На Урале все отличалось от Центральной России. Здесь царил не губернатор, а Главный Начальник горных заводов хребта Уральского; здесь не знали полиции, а закон олицетворяли офицеры Корпуса горных инженеров, носившие зеленые мундиры и величавшиеся непривычными русскому слуху чудными званиями. А венцом справедливости являлся один лишь суд — военно-полевой. Он часто и беспощадно карал и изредка миловал.

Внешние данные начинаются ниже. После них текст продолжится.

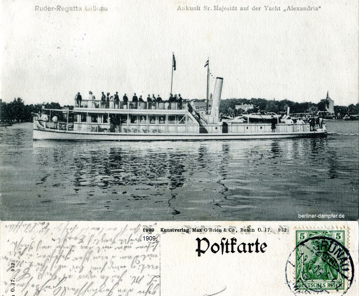 Groggert 1988, Seite 110: Auch das Oberhofmarschallamt folgte der in Berlin und seiner Umgebung eingetretenen Entwicklung und verkaufte die noch von der Preußischen Seehandlung übernommene “Alexandria” 1887 an die Firma Benz in Havelberg, die den Seitenraddampfer bei Aron & Gollnow in Stettin zum Schlepper umbauen ließ. Im gleichen Jahr lieferten die Stettiner Oderwerke als neue “Dampfyacht der Allerhöchsten Herrschaften” einen 29,4 m langen, 5,1 m breiten Doppelschraubendampfer ab, der ebenfalls den Namen “Alexandria” erhielt und bei der Matrosenstation in Potsdam stationiert wurde. Dieses Schiff, mit dem der kranke Kaiser Friedrich III. am 1.6.1888 vom Schloß Charlottenburg nach Potsdam gebracht worden ist, wo er kurz darauf verstarb, diente seinem Nachfolger Wilhelm II. bei vielen offiziellen Anlässen [z. B. Eröffnung des Teltowkanals und Ruder-Regatta-Eröffnung in Berlin- Grünau] als Staatsyacht. 1921 erwarb eine jugoslawische Reederei die “Alexandria”, die sie als Schlepper auf der Donau seinsetzte. Erst 1985 ist das Schiff, das zuletzt “Rudnik” hieß, verschrottet worden. |

Этот порядок, как и сам Урал, казался незыблемым, но во второй половине века девятнадцатого реформы, словно землетрясение, поколебали основу веками налаженного горнозаводского быта. Заводы и рудники из казны перешли в частные руки, знаменитые изумрудные россыпи отдали на откуп частным владельцам. Одна за другой гасли доменные печи предприятий, усилились гонения на староверов, а «черный» люд, оставшись без работы, подался за скорым счастьем в золотую долину близ Миасса, в самоцветные угодья Ильменя, поблескивающие алмазами берега Полуденной и в платиновые разработки на Орулихе…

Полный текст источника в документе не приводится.